A Phase II Study of CPC-201 to Treat Alzheimer's Disease Type Dementia

Alzheimer's Disease Clinical Trial

Official title:

A Phase II, Single-Blind, Placebo-Controlled, Sequential Treatment, Multiple Ascending Dose Study to Evaluate the Safety and Tolerability of CPC-201 in Patients With Alzheimer's Disease Type Dementia

Clinical Trial Details — Status: Completed

Administrative data

• NCT number: NCT02185053
• Other study ID #: CPC-001-07
• Status: Completed
• Phase: Phase 2
• Start date: July 31, 2014
• Est. completion date: July 31, 2016

Study information

• Verified date: October 2018
• Source: Chase Pharmaceuticals Corporation, an affiliate of Allergan plc
• Contact: n/a
• Is FDA regulated: No
• Study type: Interventional

Clinical Trial Summary

This is a Phase II, Single-Blind, Placebo-Controlled, Sequential Treatment, Multiple Ascending Dose Study to Evaluate the Safety and Tolerability of CPC-201 in Patients with Alzheimer's Disease Type Dementia.

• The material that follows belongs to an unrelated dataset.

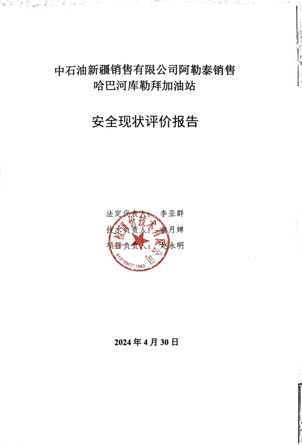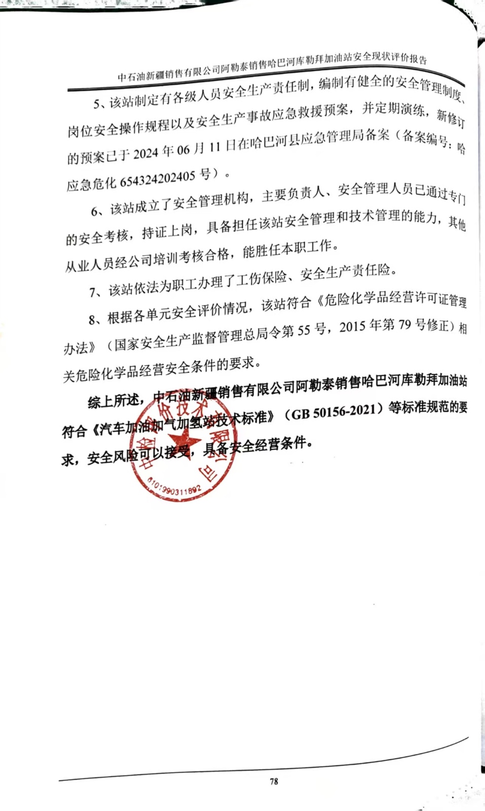 中石油新疆销售有限公司阿勒泰销售哈巴河库勒拜加油站安全现状评价报告

Recruitment information / eligibility

• Status: Completed
• Enrollment: 41
• Est. completion date: July 31, 2016
• Est. primary completion date: July 31, 2016
• Accepts healthy volunteers: No
• Gender: All
• Age group: 50 Years to 79 Years

Eligibility

Inclusion Criteria:

• Aged 50 - 79 years inclusive.

• Meeting the diagnosis of probable Alzheimer's Disease

• Of moderate severity (Mini-Mental Status Exam [MMSE] score 10 - 20 inclusive).

• Patients must be in generally good health as indicated by their medical history and physical examination, vital signs, electrocardiogram (ECG), and standard laboratory tests.

Exclusion Criteria:

• Women of child bearing potential.

• History or presence of a seizure disorder.

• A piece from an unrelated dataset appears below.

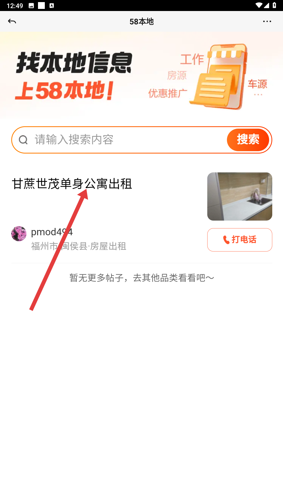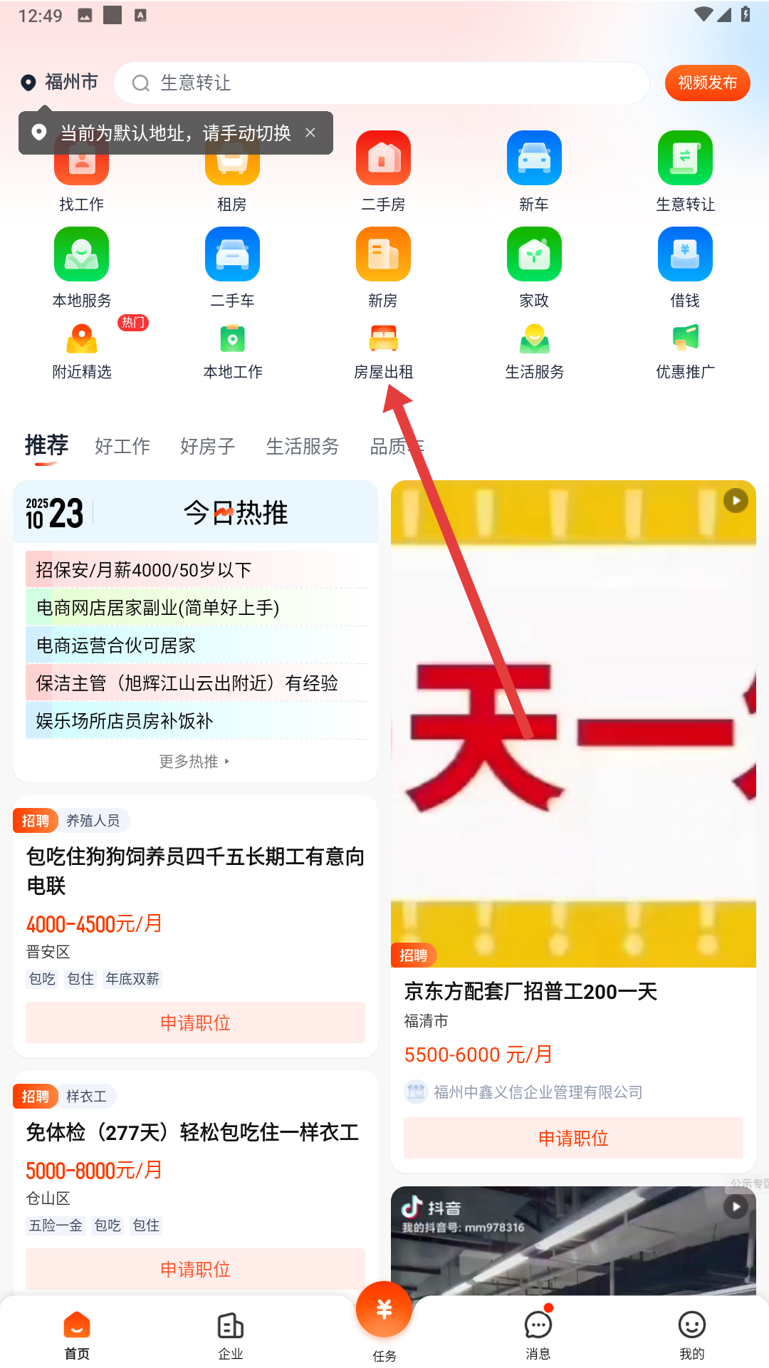 1、打開(kāi)58本地APP后,首頁(yè)點(diǎn)擊房屋出租選項(xiàng),進(jìn)入房屋出租信息列表界面。

• History of peptic ulcer disease, urinary or gastric retention; asthma or obstructive pulmonary disease.

• History or presence of bladder outflow obstruction, gastrointestinal obstructive disorder or reduced GI motility, or narrow-angle glaucoma.

• History or presence of gastrointestinal, hepatic, or renal disease, or other condition known to interfere with the absorption, distribution, metabolism or excretion of drugs.

• History or presence of myasthenia.

• Known hypersensitivity to donepezil, solifenacin or related drugs.

• Any other clinically relevant acute or chronic diseases which could interfere with patients' safety during the trial, or expose them to undue risk, or which could interfere with study objectives.

• Patients who have participated in another clinical trial with an investigational drug within previous 30 days.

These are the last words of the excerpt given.